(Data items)
★ ★ ★ ★ ★ ★ ★
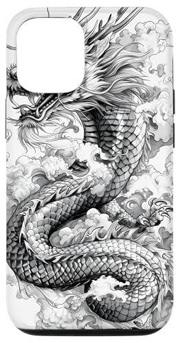 Illustration découpée en Forme de Dragon en Noir Monotone Coque pour iPhone 12/12 Pro
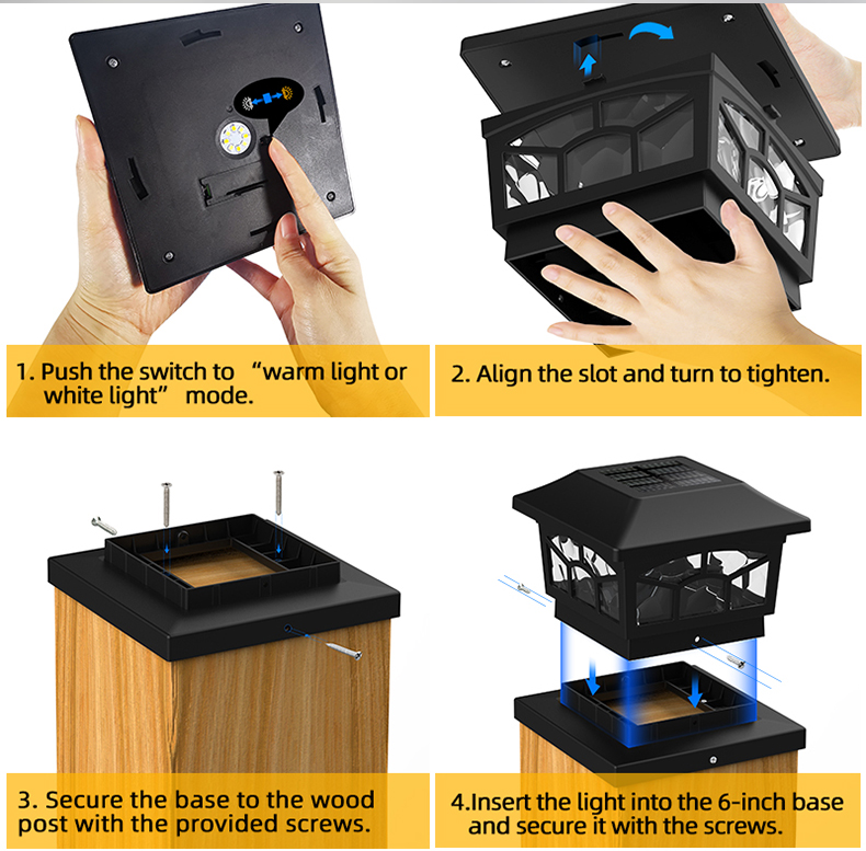 4.Einföld uppsetning, Sólarveggljósið úti er hægt að festa á vegginn með meðfylgjandi skrúfum á nokkrum sekúndum, engin kapla eða vír nauðsynleg.
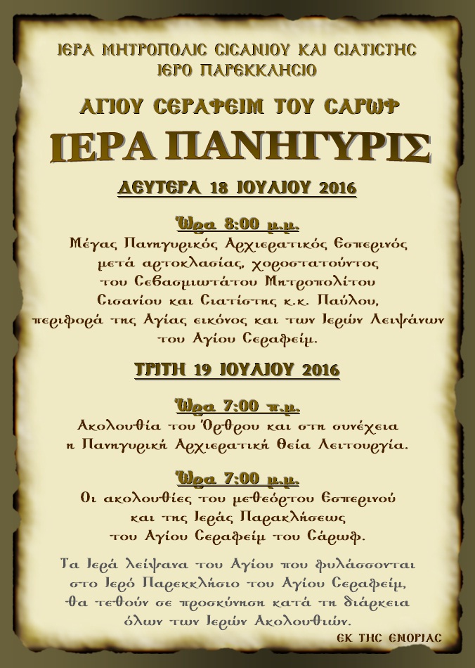 ΠΑΝΗΓΥΡΙΣ ΑΓΙΟΥ ΣΕΡΑΦΕΙΜ ΤΟΥ ΣΑΡΩΦ
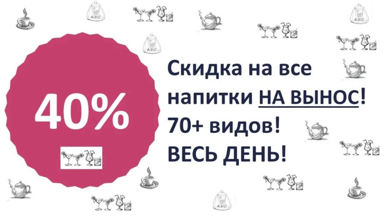 40% скидка на все напитки навынос, весь день в «Бьярг»
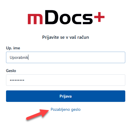 Dostop do funkcije "Pozabljeno geslo"
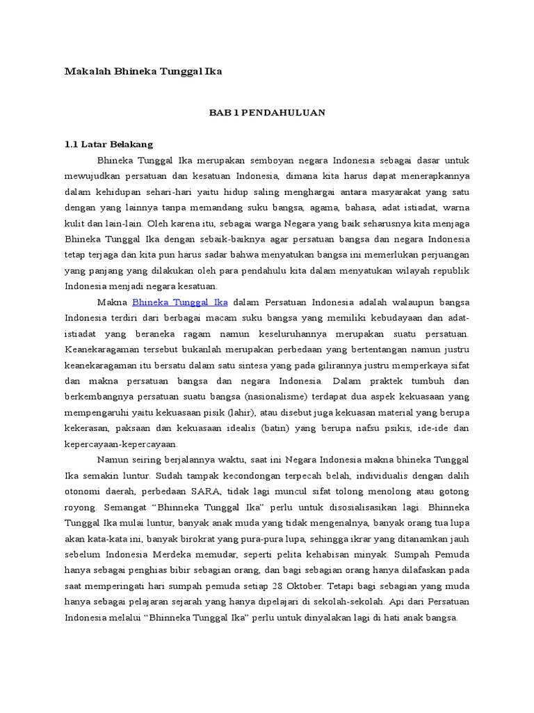 Bhineka tunggal ika pun telah menumbuhkan semangat persatuan dan kesatuan negara kesatuan republik indoesia. Materi materi bertujuan agar menambah pengetahuan dan wawasan pembaca dalam memahami konsep tentang bhinneka tunggal ika. Latar belakang makalah bhinneka tunggal ika bangsa indonesia terbentuk melalui suatu proses sejarah yang cukup panjang sejak dulu mulai zaman kerajaan kutai sriwijaya majapahit sampai datangnya bangsa bangsa lain untuk menguasai bangsa indonesia.
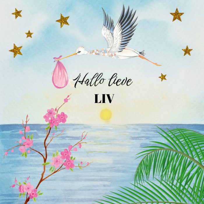 Lieve geboorte kaart van Paperclip met een ooievaar die boven de zee vliegt en op de kaart staat de tekst: Hallo lieve Liv. De naam op de kaart is aanpasbaar.
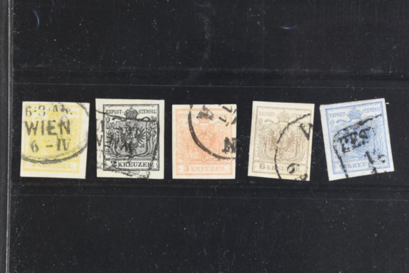 Austria, Michel 1–5x used, 1850 Coat-of-arms SET wmk 1 (5). EUR 260 (Image1)
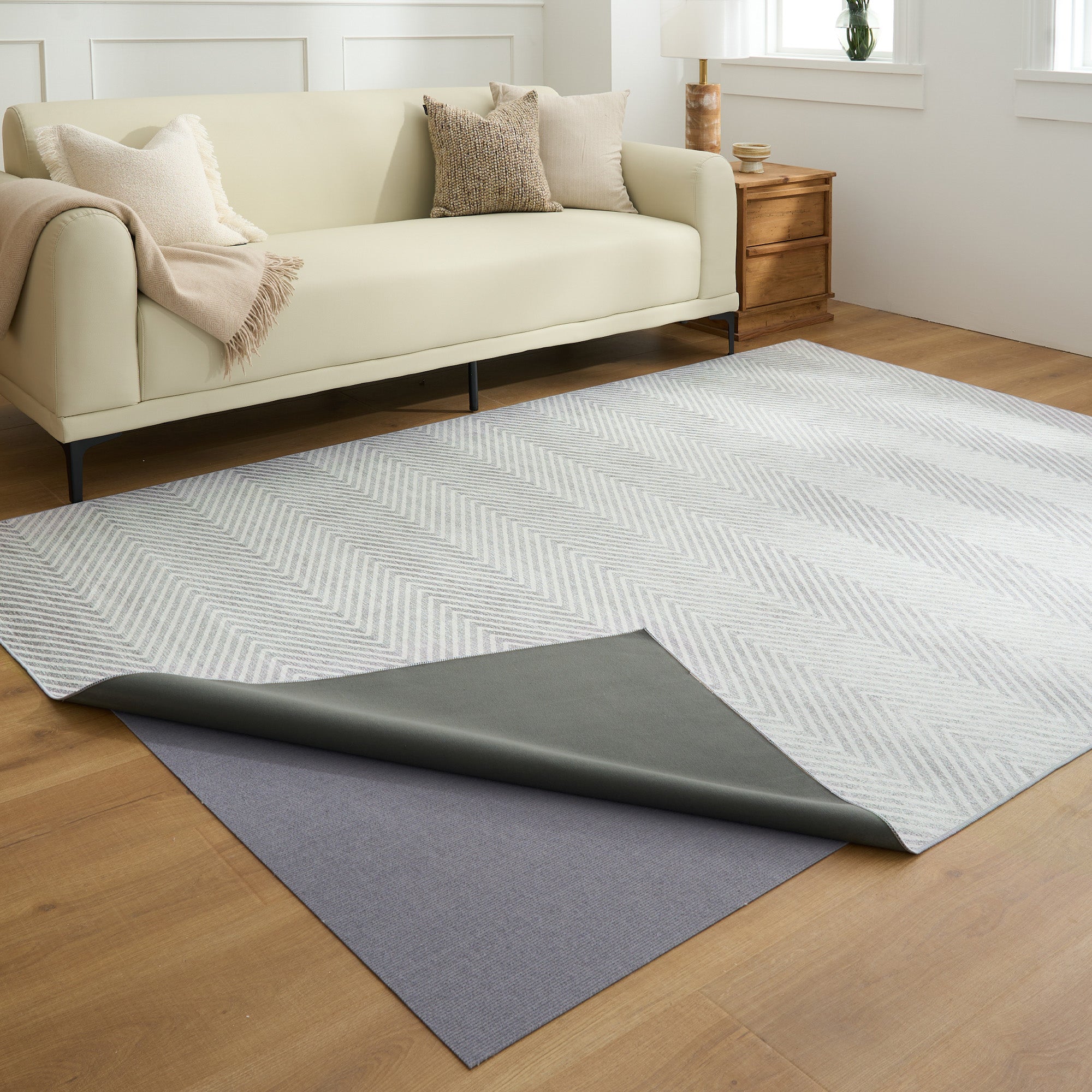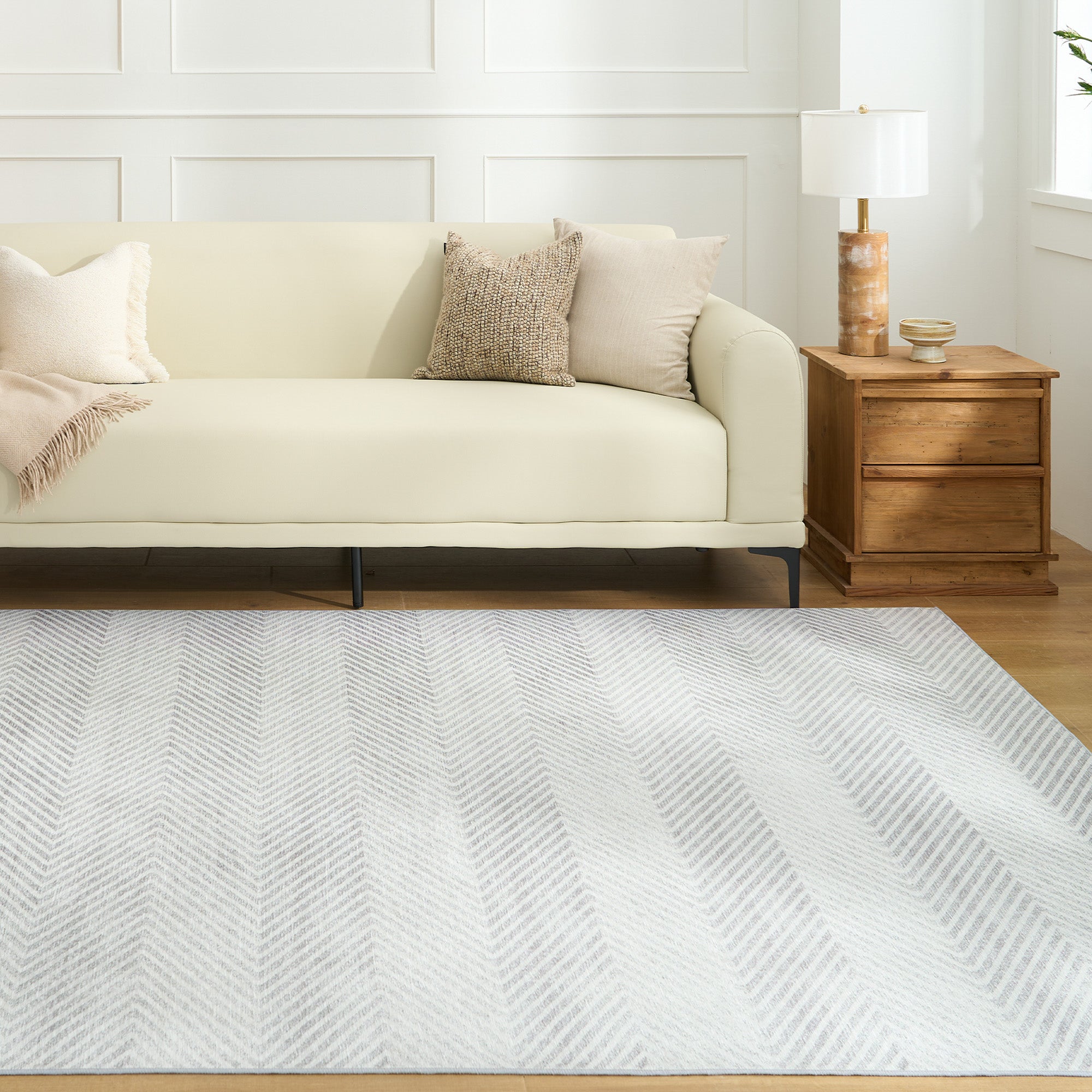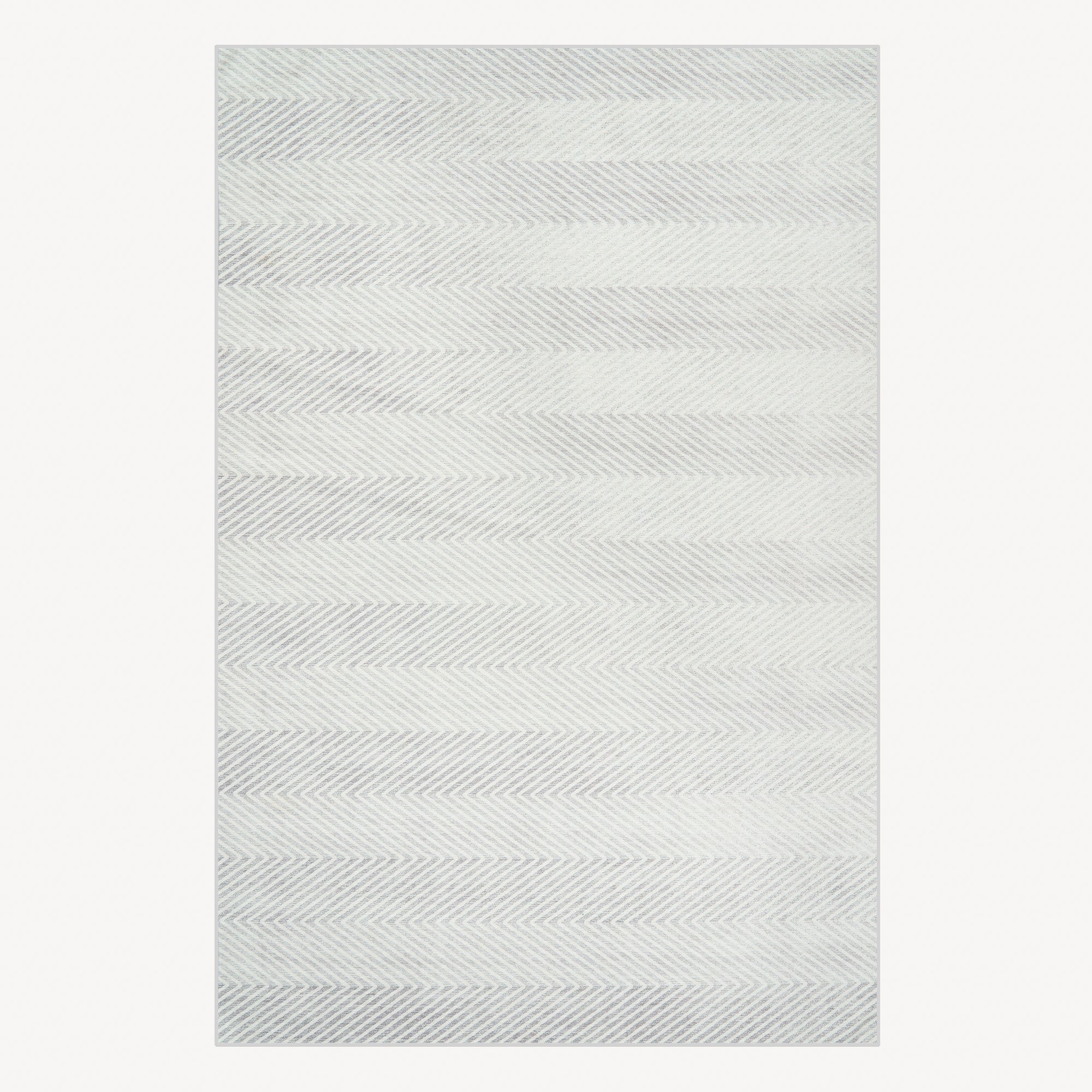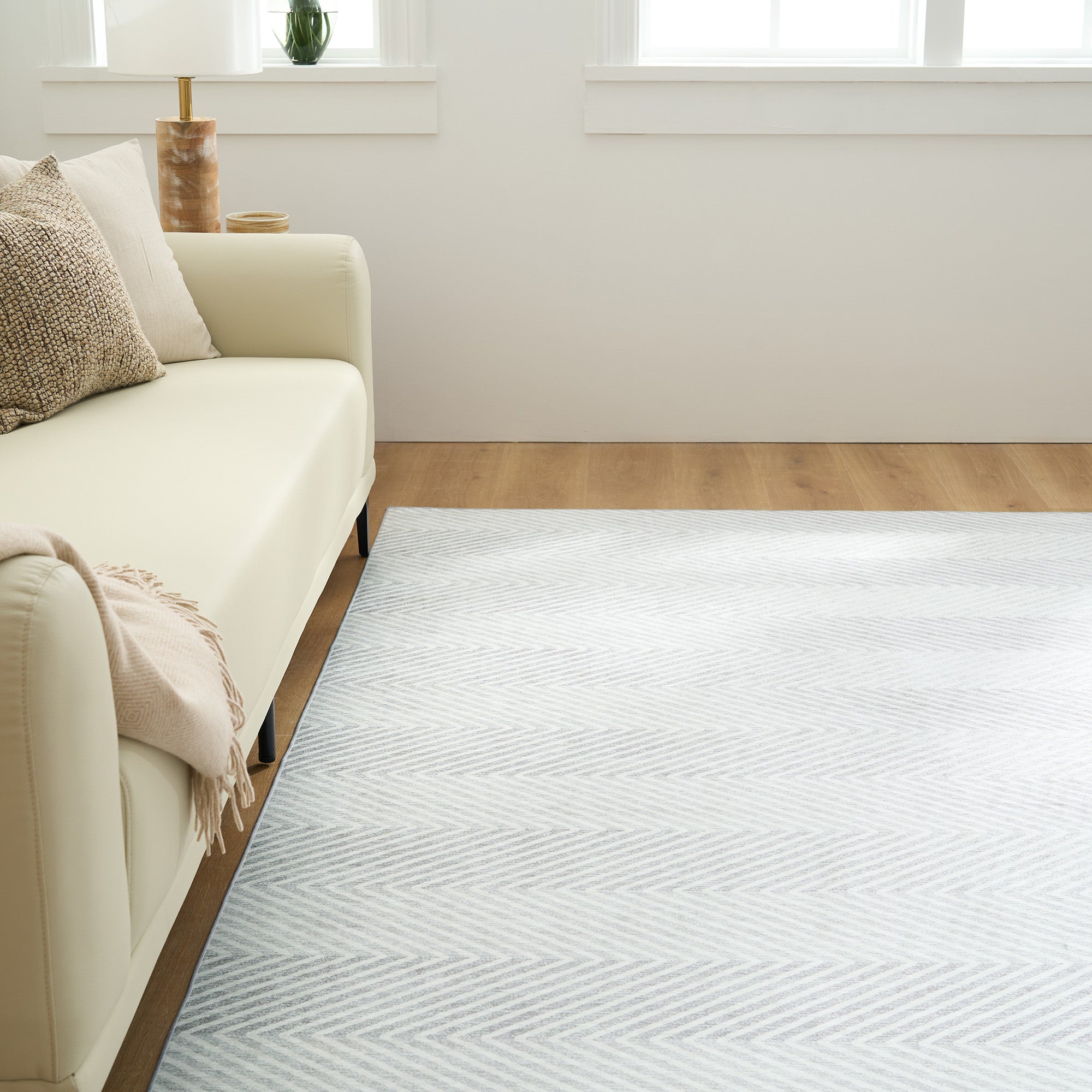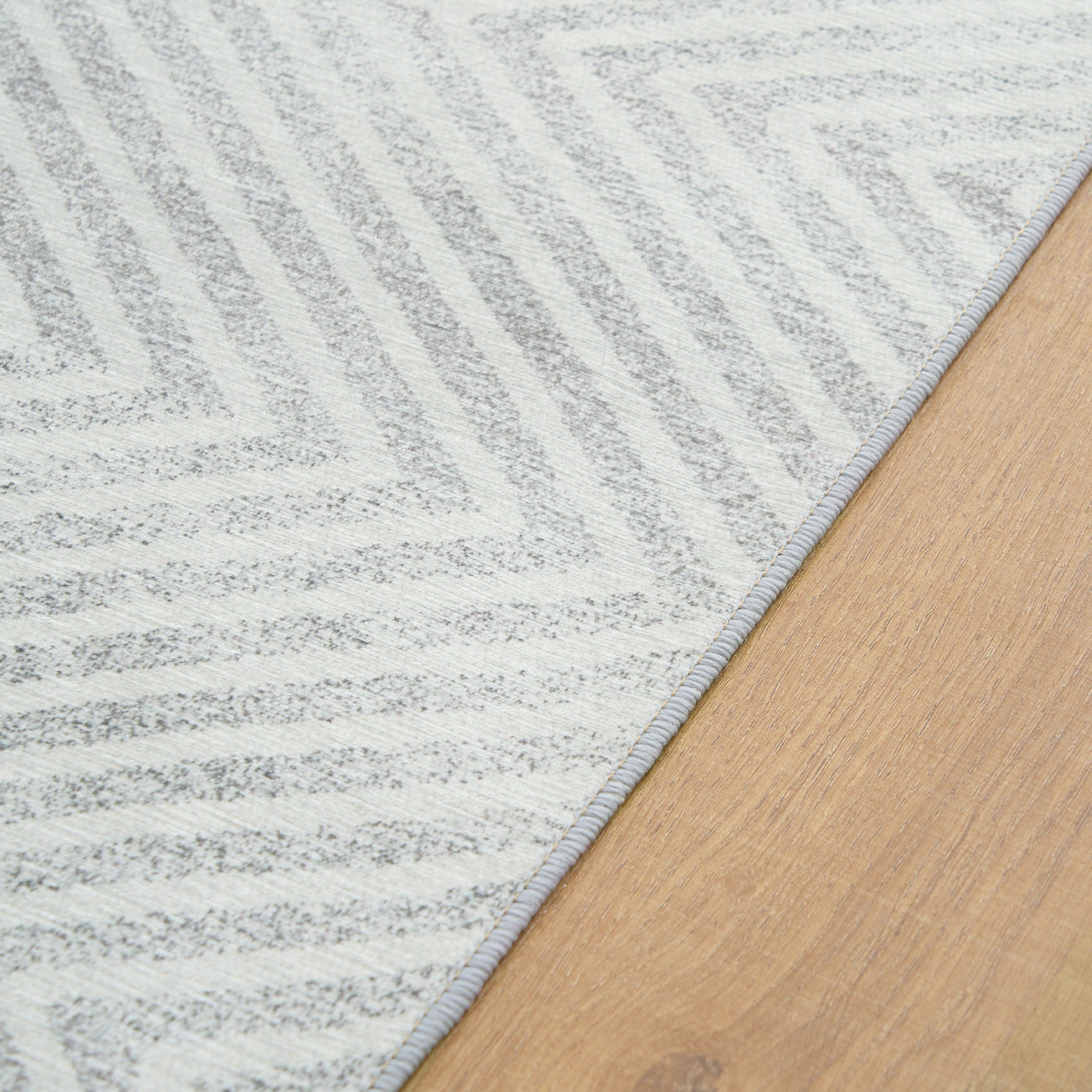 Leicht zu reinigender, waschbarer Teppich im minimalistischen, einfarbigen Chevron-Design. Strapazierfähig, fleckenabweisend, haustierfreundlich und mit rutschfester Unterlage. Ideal für den Wohnbereich.
★ ★ ★ ★ ★ ★ ★
WORK REQUIRED ▸
Find the line with "4.Einföld uppsetning, Sólarveggljósið" in the data above, and from there retype each line exactly through the line with "Lieve geboorte kaart", skipping the pictures along the way.

TASK ANSWER ▸
 4.Einföld uppsetning, Sólarveggljósið úti er hægt að festa á vegginn með meðfylgjandi skrúfum á nokkrum sekúndum, engin kapla eða vír nauðsynleg.
 ΠΑΝΗΓΥΡΙΣ ΑΓΙΟΥ ΣΕΡΑΦΕΙΜ ΤΟΥ ΣΑΡΩΦ
 40% скидка на все напитки навынос, весь день в «Бьярг»
 Dostop do funkcije "Pozabljeno geslo"
 Bhineka tunggal ika pun telah menumbuhkan semangat persatuan dan kesatuan negara kesatuan republik indoesia. Materi materi bertujuan agar menambah pengetahuan dan wawasan pembaca dalam memahami konsep tentang bhinneka tunggal ika. Latar belakang makalah bhinneka tunggal ika bangsa indonesia terbentuk melalui suatu proses sejarah yang cukup panjang sejak dulu mulai zaman kerajaan kutai sriwijaya majapahit sampai datangnya bangsa bangsa lain untuk menguasai bangsa indonesia.
 Lieve geboorte kaart van Paperclip met een ooievaar die boven de zee vliegt en op de kaart staat de tekst: Hallo lieve Liv. De naam op de kaart is aanpasbaar.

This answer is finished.